LIUZZO CUORE DELLA HOLDING
Per gli inquirenti, non a caso, è toccata proprio a Liuzzo, al termine di un vero e proprio summit mafioso, la scelta delle imprese che avrebbero lavorato presso il cantiere della predetta società, dovendosi occupare del completamento delle strutture murarie innalzate, della realizzazione degli impianti elettrici e idraulici, della posa dei pavimenti e delle piastrelle, della pitturazione interna ed esterna, degli infissi e di svariati altri lavori necessari al completamento dello stabilimento residenziale. Lavori e forniture sarebbe stati dunque affidati a “determinati” soggetti economici, risultati essere tutti legati alle varie cosche reggine operanti in città sulla base di un disegno preciso e previamente concordato fra i vertici dei clan, teso alla spartizione, a tavolino di tutti i lavori di edilizia, affinché ogni famiglia di ‘ndrangheta beneficiasse della «propria parte di competenza», consistente in sostanziose «entrate economiche». Un giro d’affari milionario, formalmente giustificato grazie a un vorticoso giro di fatture per operazioni inesistenti, grazie a cui commercialisti compiacenti potevano “sistemare” la contabilità delle aziende espressione della holding criminale.
MARIO GIGLIO E GLI ALTRI PROFESSIONISTI DEL CLAN
Un’attività imprenditoriale decisamente ampia e disinvolta quella di Liuzzo, che si avvaleva della collaborazione e dei consigli dell’avvocato Mario Giglio, cugino dell’ex magistrato reggino condannato qualche mese fa per i suoi rapporti con il clan Lampada.

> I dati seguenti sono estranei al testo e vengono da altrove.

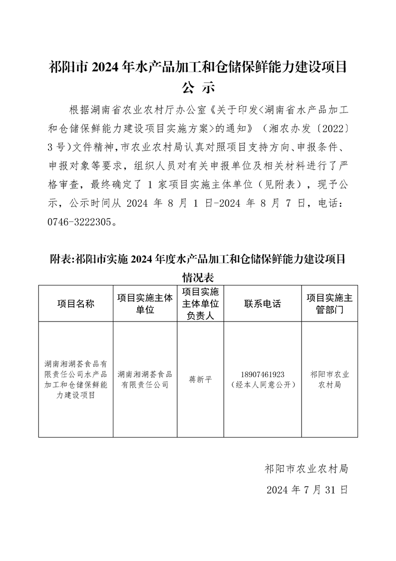 祁阳市2024年水产品加工和仓储保鲜能力建设项目公 示

Il legale non solo si sarebbe reso disponibile come «canale di collegamento» per la conoscenza di eventuali indagini a carico dell’imprenditore in virtù dei suoi «importanti agganci e amicizie», ma «in veste professionale, non si limitava a mettere le proprie competenze a disposizione del Liuzzo – spiega Cafiero de Raho – ma lo consiglia su come riappropriarsi e continuare ad approfittare del bene che in precedenza gli era stato confiscato». Un’operazione illecita che – secondo le indagini – sarebbe stata possibile grazie all’infedeltà di una delle commercialiste che per il Tribunale di Reggio si occupa di beni confiscati, Francesca Marcello, custode della Euroedil, in precedenza sequestrata e confiscata proprio a Liuzzo.